Ann Romney was diagnosed with multiple sclerosis in 1998. When I interviewed her for Fox News at our Washington Bureau two weeks ago, she readily admitted to me how difficult the diagnosis was at first, leading to fear, uncertainty and dark times.

She characterized her recurrent symptoms as including profound fatigue (which she could readily distinguish as her “MS fatigue”), weakness, and problems thinking clearly. She acknowledged that stress plays a major role in her ability to cope with and respond to this difficult disease.

Like more than 400,000 other MS sufferers in the U.S. and 2.5 million around the world, Romney lives in anticipation of her next exacerbation, which can come at any time. In addition to fatigue, weakness, and affects on thinking, other characteristic symptoms for MS sufferers include visual loss, sensory loss, problems with balance, pain, and in up to one third of cases, wheelchair-necessitating paralysis.

MS is known medically as one of our “great imitators,” because it can mimic the symptoms of many other neurological diseases.

If you consider nerves to be like electrical wires, then MS is due to damage to the covering of the wires (myelin sheath), leading to abnormal conduction. It is now believed to be an autoimmune disease, meaning that the body’s own immune cells (B cells and T cells) are attacking this myelin lining of the nerves (white matter) in the brain and spinal cord. This explains why the disease response to forms of interferon (beta seron) which stabilize the cells (and their covering) and help to ward off autoimmune attack.

In addition, so-called targeted therapies, where a monoclonal antibody is employed to attack the immune cells directly before they can damage the white matter, have shown great promise.

Tysabri is commonly used and has shown a much greater response than standard treatment with beta seron, and a new targeted therapy, Lemtrada, has appeared to be very effective in clinical trials.

Both treatments have raised eyebrows however because of the potential for risky side effects – a brain inflammation known as PML in the case of Tysabri, and ITP (destruction of platelets) in the case of Lemtrada.

Still, it is clear that these targeted therapies along with stem cell are the wave of the near future in MS treatments. Romney has been very active in fundraising for MS research, including current efforts ongoing at Harvard.

More than that she has been a role model for how to respond strongly and courageously to chronic debilitating illness. In addition to MS she was diagnosed and treated for early breast cancer in 2008, yet continued to push on.

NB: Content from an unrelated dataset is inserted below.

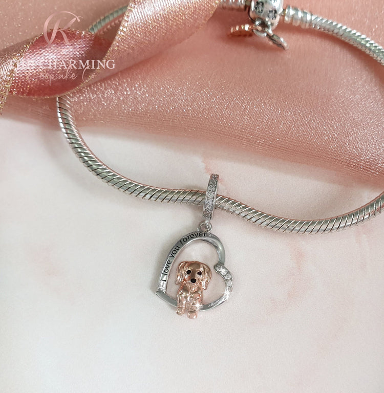 sausage Dog Charm 925 Sterling Silver & Rose Gold fits pandora bracelets

Through it all, she has continued to reach out to others, to show empathy and compassion for others in similar situations. As she told me that day in Washington, we all carry a “bag of rocks” on our back that renders us imperfect, and we have to accept each other and love each other in spite of and because of these imperfections.

Romney credits the support and love of her family and her husband in helping her overcome her illness. But she wouldn’t have made it this far without her own strength and endurance.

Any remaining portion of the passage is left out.